Rápidamente, tal vez por la insistencia, tal vez por lo buenudo, le presté, sin antes terminar o casi empezar a leer, este libro a alguien, a un hombre, a un amigo, y éste, semanas después me dijo que lo había perdido, que lo había dejado en una bolsa con otro libro, y al volver a su casa, lo recordó, pero aunque regresó a la plaza no lo halló. Pidió disculpas. Prometió que me conseguiría uno igual a ese, la misma edición. No era la gran cosa, la edición digo, no mi amigo. No me importó tanto en esos tiempos, mas m quedaron las ganas de leerlo.
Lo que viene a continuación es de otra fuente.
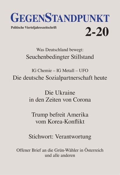 Das hatte niemand kommen sehen: Ein ziemlich ausländisches und ziemlich tödliches Virus breitet sich gegen jede marktwirtschaftliche Vernunft und gegen jedes Erfordernis der deutschen Konkurrenzposition am Standort D aus und veranlasst die Obrigkeit zu einem Shutdown. Der sorgt für einen Wirtschaftseinbruch, der alles übertrifft, was das an periodische Wirtschaftseinbrüche gewöhnte, insofern abgebrühte kollektive Gedächtnis aus den letzten 100 Jahren so gespeichert hat. Die öffentliche Meinung reagiert gespalten zwischen ¿Muss sein!¿ und ¿Geht gar nicht!¿. Dieser Dissens lebt von einem durchs Virus offensichtlich nicht angekränkelten Konsens: Weil die seuchenpolitische Ausnahmesituation für die meisten ungemütlich, für viele unerträglich und für nicht wenige existenziell unaushaltbar ist, soll der seuchenfreie Normalzustand wieder her ¿ unbedingt und so schnell, aber auch so endgültig wie möglich. Immun ist dieses Lob der Normalität gegen jeden Gedanken, dass die vermisste Normalität dafür sorgt, dass ein paar Wochen gedämpfter Betriebsamkeit zu einem ökonomischen Desaster werden. Obwohl bekannt ist, dass schon der Normalzustand mit seinen nun vermissten Freiheiten für die meisten vor allem in der Mühsal von werktätigem Gelderwerb und Geldeinteilen besteht. Darum gibt es in GegenStandpunkt 2-20 erstens eine Artikelserie zur Pandemie, die entgegen der Propaganda gemeinsamer Betroffenheit von ¿Coronä die Gegensätze, die Widersprüche und auch das unübersehbare Moment von Gewalt der politischen Seuchenbekämpfung erklärt: dass und wie die sich der Logik der kapitalistischen Normalität und ihrer über jeden Zweifel erhabenen Selbstverständlichkeiten verdanken; und dass und wie auch die Dummheit der verbreiteten anti-seuchenpolitischen Kritik sich halbwegs im Rahmen des demokratisch Üblichen bewegt. Darum gibt es zweitens eine Artikelreihe über den Stand der Auseinandersetzungen, die die Gewerkschaften ganz ohne Krankheit & Krise offensichtlich immerzu gegen das Kapital führen müssen, damit ihre Leute im gewöhnlichen Getriebe überhaupt zurechtkommen mit Lohn und Leistung. Das gehört nämlich nicht zu den Selbstverständlichkeiten marktwirtschaftlicher Normalität, ist darum immerzu Gegenstand des Kampfes ¿ und es ist darum umso verrückter, dass Deutschlands große Industriegewerkschaften den vom Standpunkt schwarz-rot-goldener Sozialpartnerschaft führen. Dass sich an ¿Coronä auch die Nationen der Welt gründlich scheiden, ist ebenfalls bekannt; und auch, dass das irgendwie damit zu tun hat, wie die sowieso dastehen. Im Artikel über die Ukraine wird erklärt, was die Karriere dieses Landes zum gigantischen ¿failed state` mit den Bemühungen zu tun hat, es zum kapitalistisch wirtschaftenden antirussischen Frontstaat zu machen ¿ und warum die Folgen der Pandemie so katastrophal ausfallen, wie der Zustand des ganzen Landes längst ist. Außerdem in GegenStandpunkt 2-20: Ein Artikel über Trumps imperialistische Friedenspolitik gegenüber dem altgedienten Feind Nordkorea, deren Fortschritte und Widersprüche beweisen, wie konsequent und seriös der schlecht beleumundete US-Präsident die Revision der eingerichteten imperialistischen Weltordnung betreibt; eine Kritik der obrigkeitlichen Belehrungen des deutschen Volkes darüber, warum sich fremdenfeindlicher Terror für ein gutes Volk nicht gehört; ein Brief an die ¿ insbesondere grünen ¿ Wähler in Österreich über die Fehler des Wählens und deren staatstragende Leistung; eine Korrespondenz zur Kritik der politischen Ökonomie des Grundeigentums.

Lo más curioso de este asunto es que luego, pasando un año de aquello, extrañamente, sí, extrañamente lo digo por conocerlo, mi amigo me devolvió el libro, lo había vuelto a comprar, y sí, también extrañamente, sin sentido, sin motivo, no lo leí tampoco allí, en ese momento, no le dí importancia, no recuerdo si apenas lo hojeé, si es que volví a leer las funestas páginas del conjuro, supuestamente antiguo, pero la cosa fue que volví, sin atinar, no me pregunten porqué, volví a prestárselo a otra persona, esta vez a una mujer, a una compañera.
Pasaron unas semanas y luego, tímida, colorada, avergonzada quizás, me dijo que lo había perdido, que la disculpara, que lo dejó en una bolsa, que se lo olvidó con otro libro (siempre se llevaba a alguien consigo) en un colectivo.
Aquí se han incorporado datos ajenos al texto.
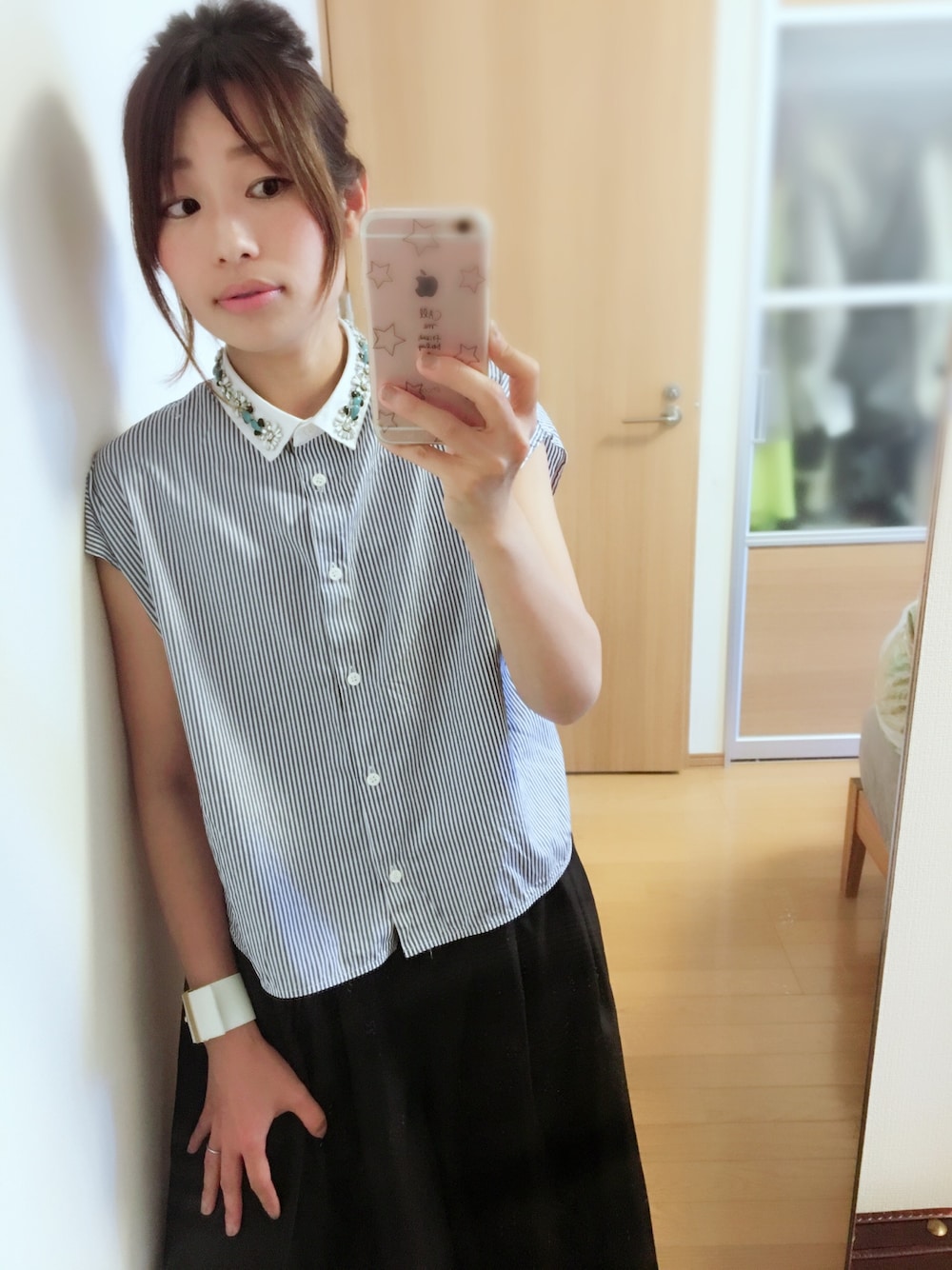 旅行に行ってて、久々更新になっちゃいました😅 襟のビジューがお気に入り♡

Ella dijo que me devolvería el libro, yo le dije, tranquilo, extrañamente tranquilo (pues ahora hace muy poco que medito, tal vez por la lejanía del suceso o la lejanía que permanezco teniendo con ese macabro libro, lo que en verdad sucedía), que no se preocupara, que sabía que era difícil de conseguir y que, de última, me devolviera otro libro. Y así fue, así lo hizo. Ella me devolvió una antología de “Las mil y una noches”, tal vez más árabes que ese “Necronomicón”, cuyo conjuro hizo que siempre se alejara de mis manos, que nunca pudiera conocerlo del todo, que jamás pudiera saber con certeza de que se trataba. Y sí, habré leído, inconciente, una maldición de olvido y pérdida constante, cíclica, atemporal.
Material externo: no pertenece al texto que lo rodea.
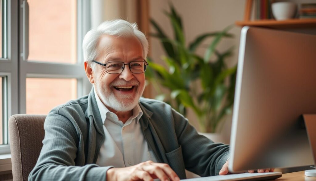Imagen de una persona jubilada sonriendo mientras usa una computadora

Espero con miedo encontrarme de nuevo con ese arcano libraco. Prefiero al cuervo graznando antes que a un silencioso volumen con tanto poder dentro que puede moverse a su antojo, dominando las mentes, los cuerpos. ¿Quién tendrá ahora esos, mis libros perdidos? ¿La maldición siguió con ellos? ¿Y si vuelvo a encontrarlo de nuevo, no terminaré siendo yo mismo pérdida, olvido?